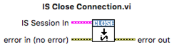 Simple close VI for closing the IS connection. The primary job of this VI is to close the HTTP connection which releases some previously reserved memory.
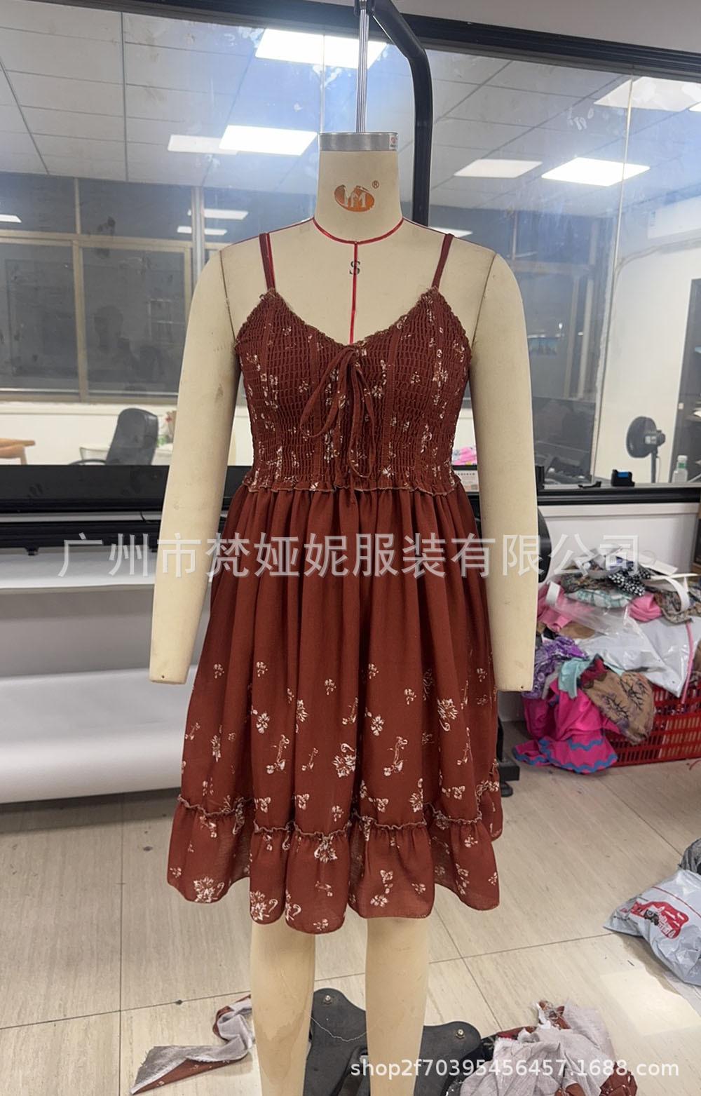 Vestido de Verano para Mujer Transfronterizo 2025 Estampado Moda Clásico Vacaciones Fin de Semana Tirantes Floral Minifalda
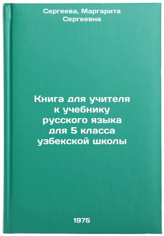 In Russian. Sergeeva, Margarita Sergeevna. Teacher's book to the Russian language textbook for the 5th grade of an Uzbek school. Tashkent: Ukituvchi, 1975. Kniga dlya uchitelya k uchebniku russkogo yazyka dlya 5 klassa uzbekskoy shkoly. In Russian /Teacher's Book to the Russian Language Textbook for the 5th grade of Uzbek School. All images are for identification of editions only. Several books of the same edition may be available. Please feel free to request photos of available books. SKU6998159
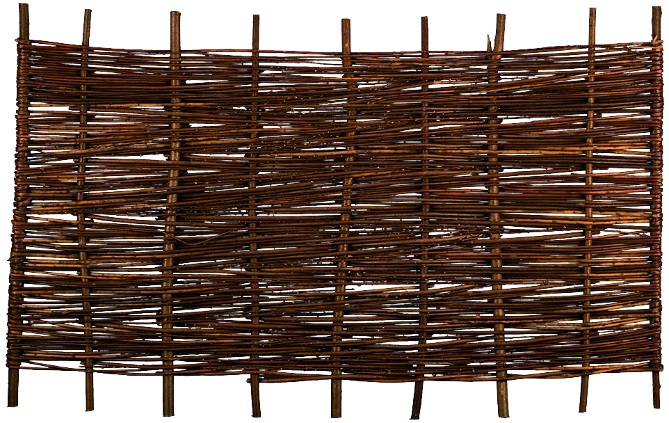 Der ASO-Weidengeflechtzaun ist gefertigt aus ölbehandelter Weide, geflochten auf stabilen Haselnussruten. Der natürlichste Zaun, wie er schon vor tausenden von Jahren errichtet wurde. Dünne Äste, die um stabile Ruten geflochten werden, geben einen natürlichen Sichtschutz und markieren die Grundstücksgrenze.
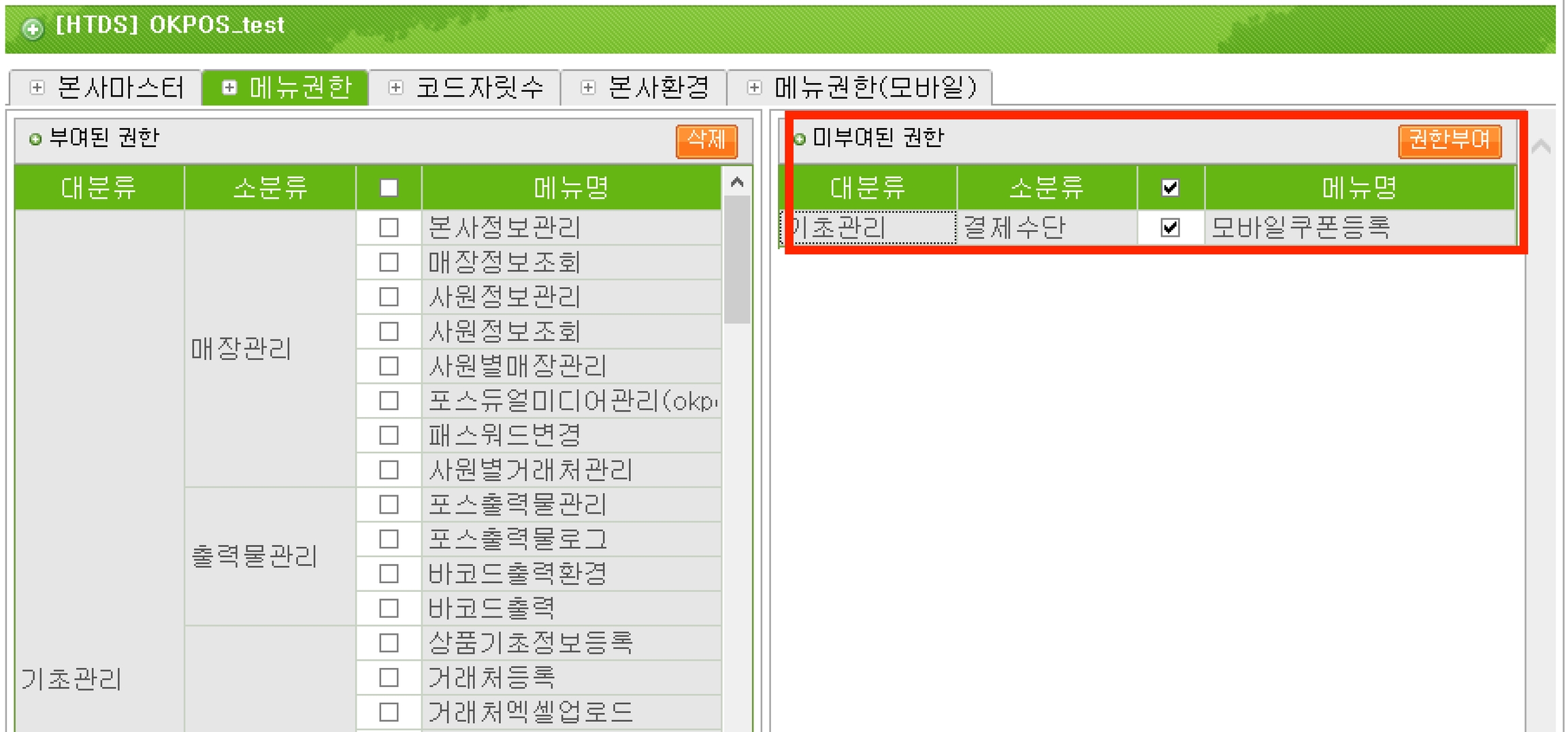 프랜차이즈 본사라면 시스템관리> 본사/매장마스터> 본사정보관리 > 메뉴권한 탭에서 모바일쿠폰등록 페이지 메뉴권한을 추가해 주세요.
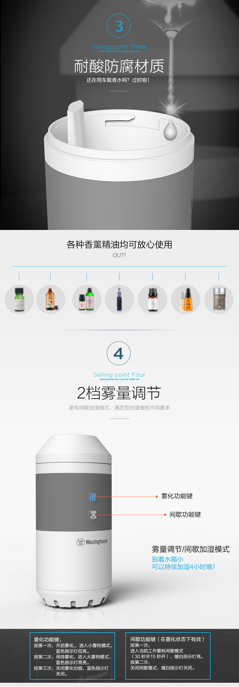 [西屋海博永信专卖店加湿器]西屋SC160车载加湿器迷你香薰汽车月销量5件仅售279元
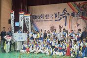 ㈜한국탑뉴스 송행임 기자 | 강릉농악보존회가 9월 28일 충북 영동군에서 열린 ‘제66회 한국민속예술제’ 청소년부 경연대회에서 강원특별자치도 대표로 출전하여 대상인 대통령상 수상의 영예를 안았다. 이번 경연에는 강릉시 관내 초중고교 학생 44명(초 34명, 중 9명, 고 2명)이 출연했으며, 경연장에 학부모 응원단 및 보존회 회원의 뜨거운 응원으로 예술제에 열기를 더했다. 학생들은 지난 7월부터 약 두 달여 간 무더위와 가뭄이라는 강릉의 어려운 상황 속에서도 굵은 땀방울을 흘리며 꾸준히 연습하며 경연을 준비했고, 그 결과 1위를 차지하여 대통령상 수상이라는 값진 성과를 거두었다. 이날 경연에서는 강릉농악의 대표적인 “농사풀이농악”을 선보였다. 이 농악은 과거 농사과정을 몸짓, 손짓으로 표현한 것이 가장 큰 특징으로 소, 볏짚 등 농사 과정의 다양한 소재들을 직접 몸으로 표현하여 하나의 연극이나 마임을 보는듯한 재미를 느낄 수 있다. 이번 경연은 임영민속연구회의 김남일 박사가 총 연출을 맡고, 이용신 전 서울노원구립예술단장이 고증을 담당해 완성도를 높였다. 한편, 올해 한국민속예술제는 문화체육관광부와
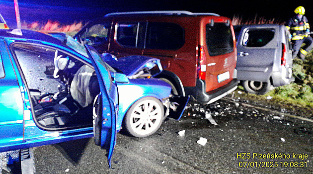 Do peugeotu navíc zezadu narazilo druhé auto stejné značky, kdy osmačtyřicetiletý šofér nestačil na namrzlé silnici včas zareagovat na situaci před ním.
===
Transcribe exactly each line of the records from the start up to and including the one with "[西屋海博永信专卖店加湿器]", and leave out every picture.

* [Solution to this problem]:
 Simple close VI for closing the IS connection. The primary job of this VI is to close the HTTP connection which releases some previously reserved memory.
 Vestido de Verano para Mujer Transfronterizo 2025 Estampado Moda Clásico Vacaciones Fin de Semana Tirantes Floral Minifalda
 In Russian. Sergeeva, Margarita Sergeevna. Teacher's book to the Russian language textbook for the 5th grade of an Uzbek school. Tashkent: Ukituvchi, 1975. Kniga dlya uchitelya k uchebniku russkogo yazyka dlya 5 klassa uzbekskoy shkoly. In Russian /Teacher's Book to the Russian Language Textbook for the 5th grade of Uzbek School. All images are for identification of editions only. Several books of the same edition may be available. Please feel free to request photos of available books. SKU6998159
 Der ASO-Weidengeflechtzaun ist gefertigt aus ölbehandelter Weide, geflochten auf stabilen Haselnussruten. Der natürlichste Zaun, wie er schon vor tausenden von Jahren errichtet wurde. Dünne Äste, die um stabile Ruten geflochten werden, geben einen natürlichen Sichtschutz und markieren die Grundstücksgrenze.
 프랜차이즈 본사라면 시스템관리> 본사/매장마스터> 본사정보관리 > 메뉴권한 탭에서 모바일쿠폰등록 페이지 메뉴권한을 추가해 주세요.
 [西屋海博永信专卖店加湿器]西屋SC160车载加湿器迷你香薰汽车月销量5件仅售279元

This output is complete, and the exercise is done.